Pair Corralation between Ituran Location and Iteris

Given the investment horizon of 90 days Ituran Location and is expected to generate 0.97 times more return on investment than Iteris. However, Ituran Location and is 1.03 times less risky than Iteris. It trades about 0.07 of its potential returns per unit of risk. Iteris Inc is currently generating about -0.1 per unit of risk. If you would invest  2,602  in Ituran Location and on March 4, 2024 and sell it today you would earn a total of  167.00  from holding Ituran Location and or generate 6.42% return on investment over 90 days.
Time Period3 Months [change]
DirectionMoves Together 
StrengthInsignificant
Accuracy100.0%
ValuesDaily Returns

Ituran Location and  vs.  Iteris Inc

 Performance 
       Timeline  
Ituran Location 

Risk-Adjusted Performance

5 of 100

 
Weak
 
Strong
Modest
Compared to the overall equity markets, risk-adjusted returns on investments in Ituran Location and are ranked lower than 5 (%) of all global equities and portfolios over the last 90 days. In spite of very uncertain basic indicators, Ituran Location may actually be approaching a critical reversion point that can send shares even higher in July 2024.
Iteris Inc 

Risk-Adjusted Performance

0 of 100

 
Weak
 
Strong
Very Weak
Over the last 90 days Iteris Inc has generated negative risk-adjusted returns adding no value to investors with long positions. Despite latest inconsistent performance, the Stock's basic indicators remain strong and the recent confusion on Wall Street may also be a sign of long-lasting gains for the firm traders.

Ituran Location and Iteris Volatility Contrast

   Predicted Return Density   
       Returns  

Pair Trading with Ituran Location and Iteris

The main advantage of trading using opposite Ituran Location and Iteris positions is that it hedges away some unsystematic risk. Because of two separate transactions, even if Ituran Location position performs unexpectedly, Iteris can make up some of the losses. Pair trading also minimizes risk from directional movements in the market.

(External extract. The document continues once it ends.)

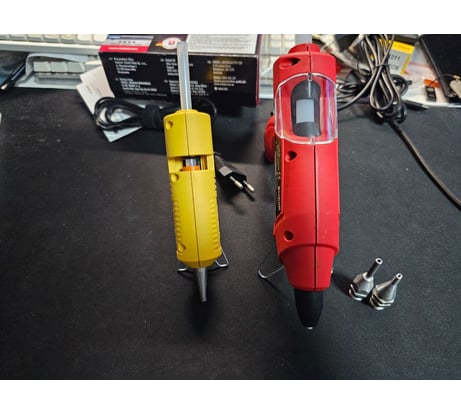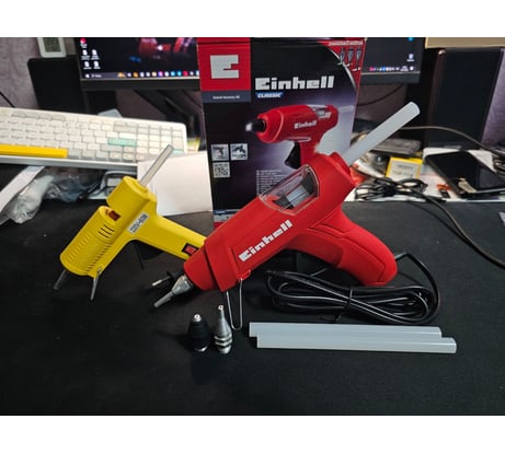 Приобрела мужу на замену дешевому клеевому пистолету на 7мм от одной известной и многими любимой фирмы на 4 буквы (начинается на D...). Данный же пистолет под стандартные 11 миллиметровые стержни. Хорошо лежит в руке по сравнению с той крохой на 60 Ватт и имеет достаточную мощность, чтобы быстро прогреться и приступить к работе. Что можно выделить первым, так это узнаваемый проверенный немецкий бренд, который ценится в любых кругах, сделан качественно и на совесть, есть хорошая гарантия сроком на 2 года, яркий окрас выделяющий его на фоне другого инструмента в квартире, конечно же цена по сравнению с другими производителями, и напоследок комплектация с дополнительными сменными соплами для удобства в работе под любые задачи. Фото со сравнением будут ниже представлены.

For example, if an entire industry or sector drops because of unexpected headlines, the short position in Iteris will offset losses from the drop in Iteris' long position.
The idea behind Ituran Location and and Iteris Inc pairs trading is to make the combined position market-neutral, meaning the overall market's direction will not affect its win or loss (or potential downside or upside). This can be achieved by designing a pairs trade with two highly correlated stocks or equities that operate in a similar space or sector, making it possible to obtain profits through simple and relatively low-risk investment.
Check out your portfolio center.
Note that this page's information should be used as a complementary analysis to find the right mix of equity instruments to add to your existing portfolios or create a brand new portfolio. You can also try the Volatility Analysis module to get historical volatility and risk analysis based on latest market data.